«Сибирь необычайно роднит с собою», – в один голос писали узники Ледяной страны, испытывая к этой земле не слепую ненависть, а любовь. Удивительное время и удивительные люди. Они были из тех, кто не стонал, не жаловался, а налегал на весла.
А какими они являли себя педагогами и воспитателями! Крылов вспомнил о Михаиле Андреевиче Зензинове (о нем рассказывал ему Николай Мартьянов). Зензинов умер в Нерчинске в 1873 году. Этого человека в ботаническом мире знали многие. Малограмотный купец, он достиг высот просвещенности с помощью декабристов. Он был их учеником – и это оставило след на всю его жизнь. Зензинов прекрасно знал забайкальскую Сибирь, увлекался ботаникой, медициной. Переписывался со многими российскими и зарубежными естествоиспытателями, посылал им семена даурской флоры. У себя в Нерчинске Зензинов создавал ботаническое заведение, в котором росли дыни, арбузы и… ананасы. И что самое любопытное, помогал декабристу Завалишину выращивать ананасы в Чите! Дал бы господь несколько жизней – Зензинов всю Сибирь покрыл бы ананасниками! Так верил он в могущество человеческих рук…

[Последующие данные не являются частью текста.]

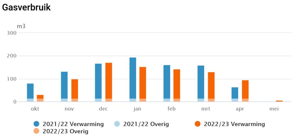 Gelukkig heb ik vorig jaar wel met terugwerkende kracht onze verbruiksgegevens ingevoerd bij MinderGas. En daar kan ik eenvoudig periodevergelijkingen maken tussen het stookseizoen 2022 – 2023 en het voorgaande stookseizoen 2021 – 2022. Dat geeft mij al het nodige inzicht.
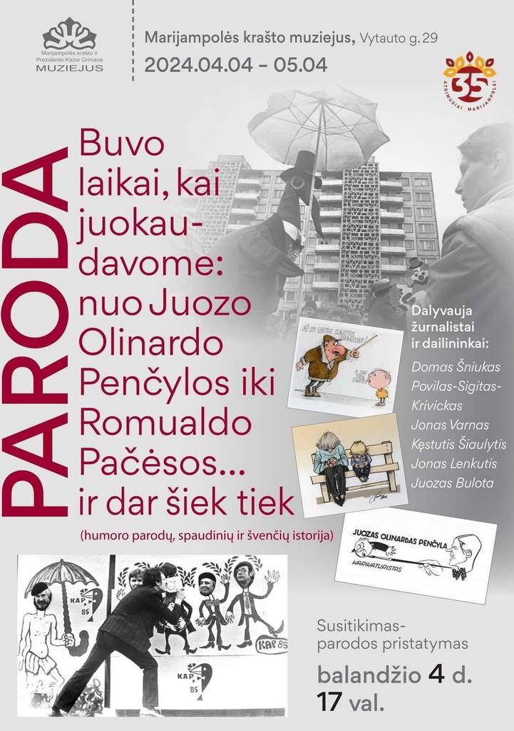 Balandžio 4 d., ketvirtadienį, 17 val. Marijampolės krašto muziejuje (Vytauto g. 29) parodos „Buvo laikai, kai juokaudavome: nuo Juozo Olinardo Penčylos iki Romualdo Pačėsos… ir dar šiek tiek“ pristatymas ir susitikimas su dailininkais, žurnalistais.
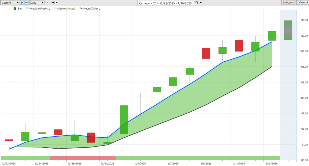 It is really using the data sets of dozens of other markets that are known to drive and influence future price of this specific stock, this target market, $CCJ. Now, that can be things like other individual stocks spread across the marketplace. That can also be ETF groups. But it even looks at things like commodity futures markets, things like currencies, things like interest rates in the bond market, as well as again global commodities where applicable, and may certainly be applicable in shares of something like $CCJ.
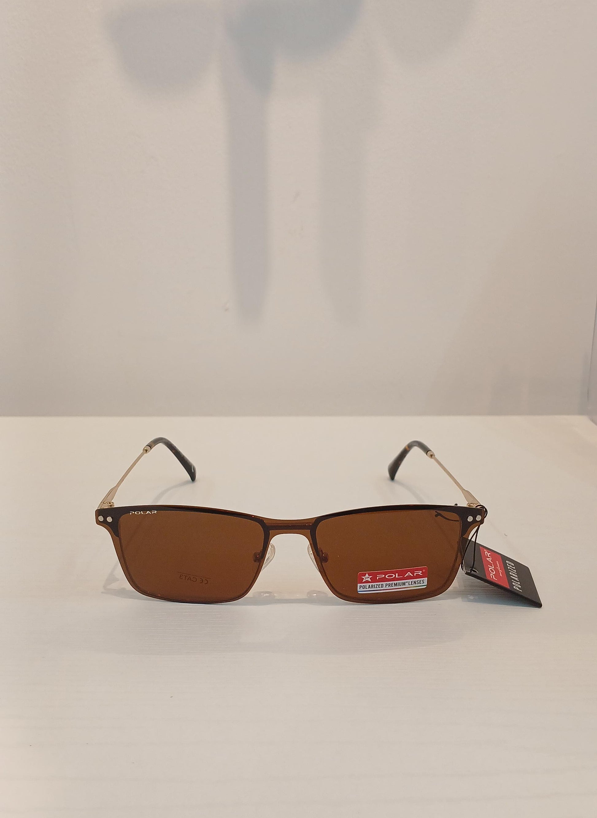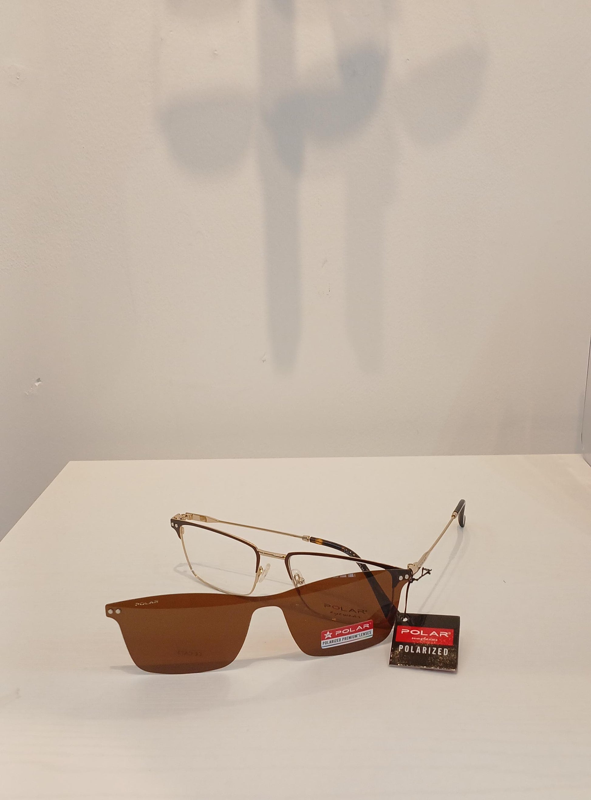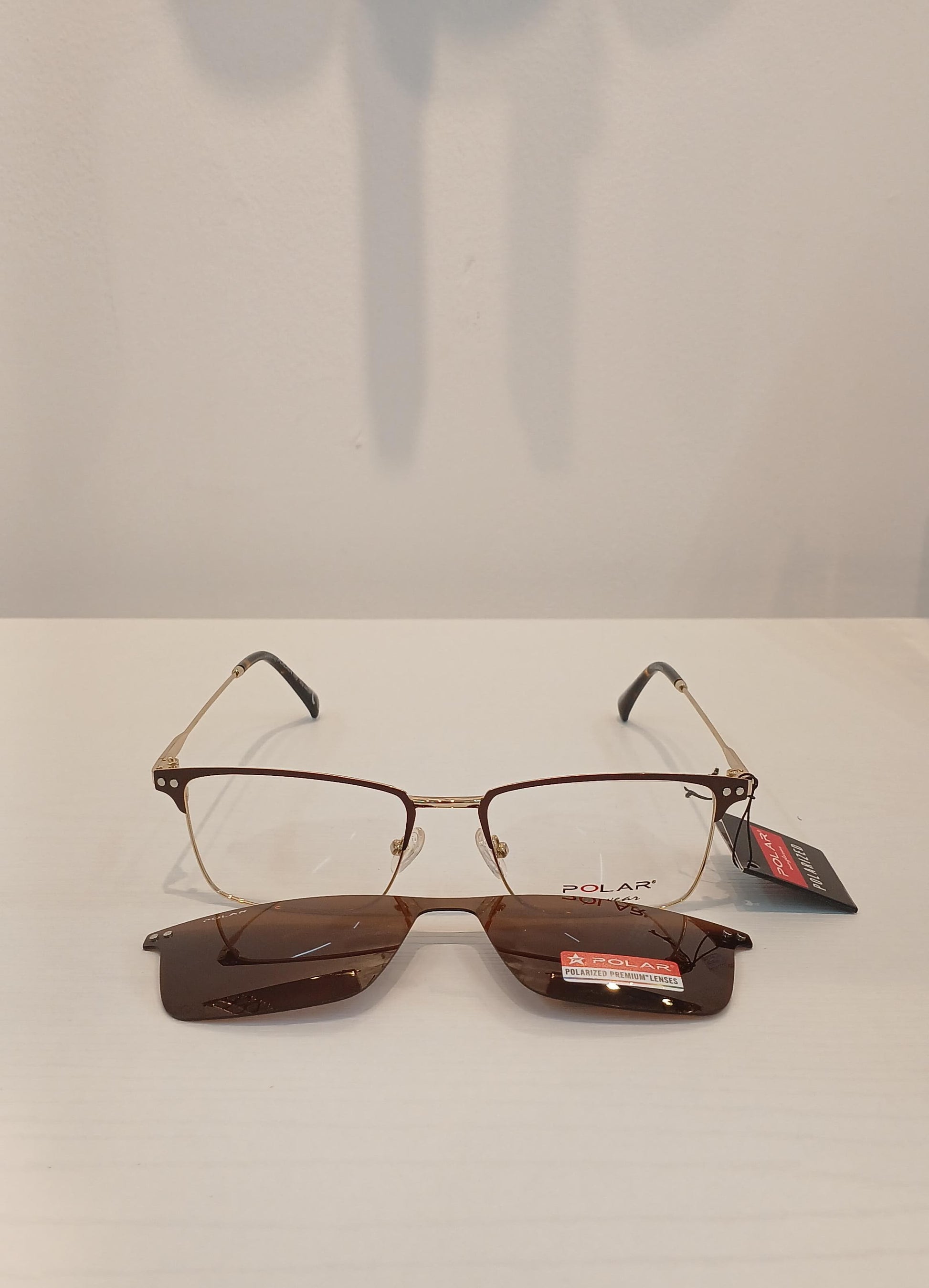 POLAR DARK BROWN MATTE, GOLD TITANIUM GLASSES FRAMES W/ COPPER TINTED POLARIZED CLIP ON

Крылов долго сидел на верхней скамеечке недалеко от последнего приюта невольных сибиряков, аристократов, чья судьба вошла в самое сердце русского народа.
Работать, работать, работать… Уж коли они, с кандалами, были великими тружениками, ему – с вольными-то руками! – сам Бог велел служить Отчизне втройне…
Стыд, кто бессмысленно тужит,
Листья зашепчут – он нем.
Слава, кто истине служит,
Истине жертвует всем!
Поздно глаза мы открыли,
Дружно на труд поспешим…
Мертвые в мире почили,
Дело настало живым.
Странное дело – песня звучала в нем так отчетливо, явственно, будто кто-то другой, посторонний, талантливый и молодой, пел вместо него.
Рыхлая почва готова,
Сейте, покуда весна:
Доброго дела и слова
Не пропадут семена.
Где мы и как их добыли —
Внукам отчет отдадим.
Мертвые в мире почили,
Дело настало живым.
Он так и пошел с Завального – взволнованный, ощущая ритмичное вздымание в душе стихотворных волн.
И – едва не споткнулся о стеклянные глаза городового.
С подозрительностью и вниманием, достойными лучшего применения, тобольский страж порядка оглядел незнакомца и потребовал паспорт.
Настроение Крылова померкло. Песня перестала звучать.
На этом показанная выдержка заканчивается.